Keywords: infant, premature, infant formula, enteral nutrition

1. Introduction

Meeting nutritional needs in the first weeks of life for preterm infants is a major clinical challenge within the neonatal intensive care unit (NICU) due to feeding intolerance [1]. Despite the World Health Organization (WHO) recommending mother’s own milk as the source of enteral nutrition for low-birth-weight infants and donor milk when mother’s own milk is unavailable, at point-of-care, the timing and practice of introduction to feedings varies widely [2]. Access to mother’s own or donor human milk likely accounts for these differences in practice [3]. In addition, the European Society of Pediatric Gastroenterology, Hepatology, and Nutrition (ESPGHAN) [4] and the American Academy of Pediatrics (AAP) [5] provide only general guidance on the composition of preterm infant formulas.

Over the past two decades, interest in using hydrolyzed protein formulas increased [6,7,8]. Recently, a national survey in France reported that 91% (158/174) of units routinely used hydrolyzed cow milk protein formulas (most commonly due to the absence of human milk availability) [9]. However, rigorous systematic reviews investigating the advantage of hydrolyzed protein formulas over intact protein formulas reached the conclusion that existing data do not support the use of protein hydrolysate [6,10,11]. Expanded guidance regarding recommended macro-nutrient composition of preterm formulas when required, especially use of hydrolyzed versus intact cow milk proteins, would further inform NICU practices.
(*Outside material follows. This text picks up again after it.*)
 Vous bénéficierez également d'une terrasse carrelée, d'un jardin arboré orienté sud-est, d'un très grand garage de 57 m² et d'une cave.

Measures of gastrointestinal tolerance and daily weight gain guide feeding advancement decisions, in turn affecting the duration of parenteral nutrition and need for vascular catheters, both risk factors for nosocomial sepsis and other catheter-related complications, all of which can increase the potential of prolonged hospital stay [12,13,14,15,16]. Smooth, and hopefully rapid, advancement in feeding volumes is a short-term nutritional management goal for preterm infants that motivates strategies to achieve higher feeding volumes in order to discontinue intravenous fluids. Increased availability of clinical data for short-term feeding and gastrointestinal tolerance outcomes in preterm infants receiving intact or hydrolyzed protein preterm infant formulas, especially during the first few weeks of life when achievement of full feeding is often accomplished, could help establish improved guidelines and NICU practice.
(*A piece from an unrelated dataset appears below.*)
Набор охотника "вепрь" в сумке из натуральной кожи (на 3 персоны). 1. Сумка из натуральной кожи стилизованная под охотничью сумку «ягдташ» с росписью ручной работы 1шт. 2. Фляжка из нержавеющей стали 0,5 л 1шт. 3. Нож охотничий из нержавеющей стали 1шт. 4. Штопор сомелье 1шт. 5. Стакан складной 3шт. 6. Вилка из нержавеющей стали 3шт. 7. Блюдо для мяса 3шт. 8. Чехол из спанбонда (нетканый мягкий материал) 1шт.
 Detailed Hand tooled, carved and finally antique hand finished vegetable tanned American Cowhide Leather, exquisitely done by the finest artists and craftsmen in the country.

In the current study, days to first achieving full enteral feedings (defined as a daily intake of ≥140 mL/kg/day) was the primary outcome variable compared in preterm infants receiving one of two isocaloric, marketed cow milk-based study formulas (Mead Johnson Nutrition, Evansville, Indiana) over the first 14 days of feeding: intact protein preterm infant formula (Enfamil® Preterm) or extensively hydrolyzed protein infant formula (Pregestimil®). Secondary objectives included evaluation of measures of gastrointestinal tolerance.

2. Methods

2.1. Study Design and Participants

In this pilot, double-blinded, randomized, controlled, prospective clinical trial [17], eligible infants were enrolled between February 2014 and February 2016 in the NICU of University of Bari “Aldo Moro”, Bari, Italy. Participants were followed through hospital discharge. The research protocol and informed consent forms observing the Declaration of Helsinki (including October 1996 amendment) were approved by the “Azienda Ospedaliero-Universitaria Consorziale Policlinico” Independent Ethics Committee, Bari, Italy. The study complied with good clinical practices. Parents or legally authorized representatives provided written informed consent prior to enrolment.
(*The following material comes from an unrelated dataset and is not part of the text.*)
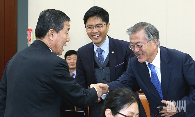 1일, 서울 여의도 국회 의원회관에서 새정치민주연합 민주정책연구원 등 주최로 '종편 3주년, 현황 및 평가 토론회'가 열린 가운데, 황진하 새누리당 의원과 문재인 새정치민주연합 의원이 악수를 나누고 있다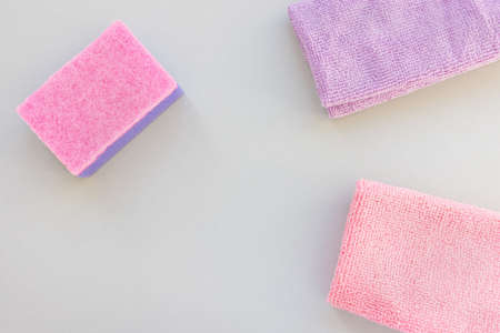 Pink and purple sponge and microfiber cloth for cleaning and dusting on gray background. Accessories for cleaning kitchen and home concept. Top view, copy space

Eligible infants satisfied the following criteria: 28–33 completed weeks gestational age (GA); singleton or twin birth; birth weight of ≥700 to 1750 g and appropriate for GA (AGA, defined as birth weight between and inclusive of the 10th and 90th percentiles on the Italian neonatal study growth chart [18]; enteral intake <30 mL/kg/day or never received enteral feedings. Newborns were enrolled by or before the first 24 h of enteral feeding. Exclusion criteria included the following: (1) Apgar score <4 at 5 min; (2) history of underlying metabolic or chronic disease, congenital malformation, or any other condition likely to interfere with ability to ingest food, normal growth and development, or participant evaluation; (3) major surgery requiring general anesthesia prior to or on day of randomization (patent ductus arteriosus (PDA) ligation allowed); (4) unstable blood pressure (<5 mg/kg/min dopamine allowed); (5) ventilator-dependent or requiring >40% fractional inspired supplemental oxygen (FiO2) on day of randomization (nasal cannula and/or nasal continuous positive airway pressure (CPAP) and/or oxygen hood allowed); (6) diagnosed Grade III or IV intraventricular hemorrhage (IVH) prior to or on day of randomization.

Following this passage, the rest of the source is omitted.